Ребенком владеет множество страхов, но он лишен
страха абсурда, в том числе стилистического.
«Сегодня тут отряд индейцев идет, гражданка!»
Это, вероятно, на какое-то возмущенное замечание
бабушки.
Условность — та же реальность. Можно даже
сказать, что реальность по большей своей части
состоит из условностей. Мы это знаем хотя бы
потому, что все обучены вежливости. Но игра и
фантазия тоже требуют вежливости, то есть
приятия и осторожности. «Оля, посмотри, какой у
нас лыжник!» – «Не, а меня не видно. Я уже далеко».
Все происходит в комнате на паласе. Но только
странно искривленное зрение взрослого не видит
сейчас огромного заснеженного поля, а, напротив,
видит невидимого уже в снежной мгле лыжника.
Сережа с Андрюшей играют в бои гладиаторов. Серый
учит жестам «убить – помиловать». Андрей: «Давай
уже я буду работать людьми. Надоело мне работать
человечком». Первая сдача позиций
индивидуалиста под натиском суровой реальности.
Прямое изъявление чувств трудно, а часто и
подозрительно. В минуты любви и скорби мы сознаем
это особенно остро. В детстве же трудно давалось
даже обыкновенное «спасибо». «Что надо тете
сказать?» В ответ возмутительное тупое молчание.
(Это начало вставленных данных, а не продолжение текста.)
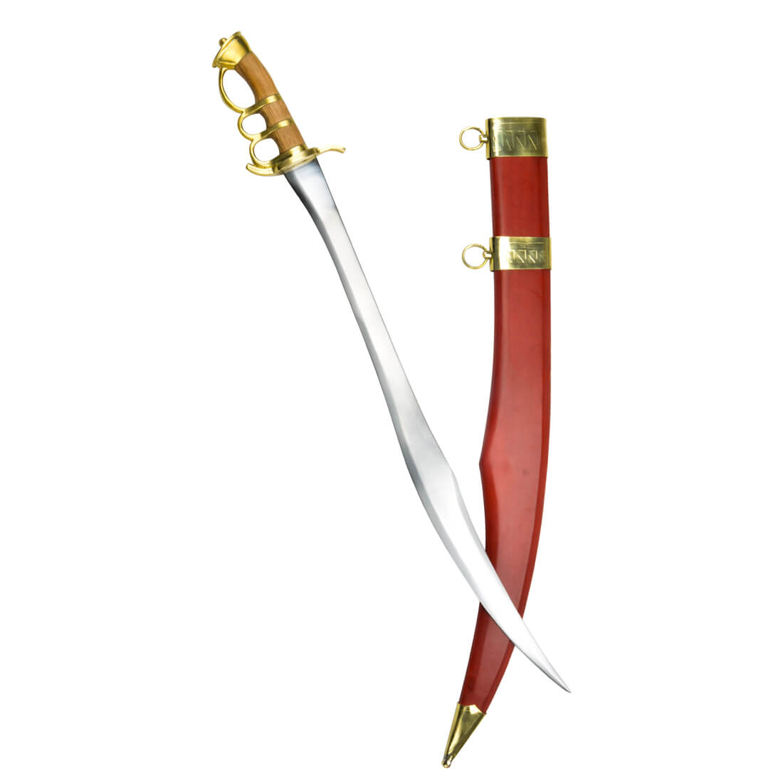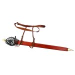 This brutal Cutlass is designed for the heaviest of close-combat; the forward-sloping blade brings great chopping power and hacking prowess to the fight, whilst an integrated knuckle-duster guard ensures that even the hilt of this cutlass is a deadly weapon at close range. The blade is high carbon steel and the hilt is brass with polished wood for the grip. Wielders with large hands may find that the hilt feels too small or uncomfortable. Included with the sword is a wooden scabbard which is bound with leather and finished with brass hanging rings and brass accents.

Все почти нормальные искренние дети страдают
этим комплексом мнимой неблагодарности. Оттого
что чувствительны к возможной фальши
произнесенного. Не точнее ли так: «Мои знакомые
партизаны написали такое письмо: “Дорогая тетя
Лиля! Я тебя поздравлю с днем рождения и подарю
самую лучшую игрушку – мазь!”»
Все правильно. Иначе твою личную любовь могут
посчитать неким твоим достоинством и, о ужас,
даже похвалить. Подальше от этого. А что мазь –
игрушка, в этом нет никакого сомнения. Ведь
полезных вещей не дарят, их просто покупают,
когда необходимо.
Но как же выразить благодарность без ущерба для
себя? Оценить твою доброту как твое достоинство.
Сережа: «Завтра у тебя день рождения, Андрей!»
Андрюша: «Ура! Ну, я тебя хвалю!» Иногда даже
буквально. В ответ на подаренную конфетку:
«Спасибо за доброту».
И собственную радость, чтобы не выглядеть
слишком эгоистичным, надо представить всеобщим
праздником: «Будем деньрожденствовать и меня
поздравлять».
Прямое изъявление чувств возможно, если речь
идет не о частном поступке, но в момент почти
религиозного экстаза жизнелюбия и сознания
случившейся удачи жить. Вот чего мы как раз не
умеем (в отличие от светской вежливости),
предпочитая скромный вздох, наполненный
астматической неизъяснимостью. А ребенок умеет.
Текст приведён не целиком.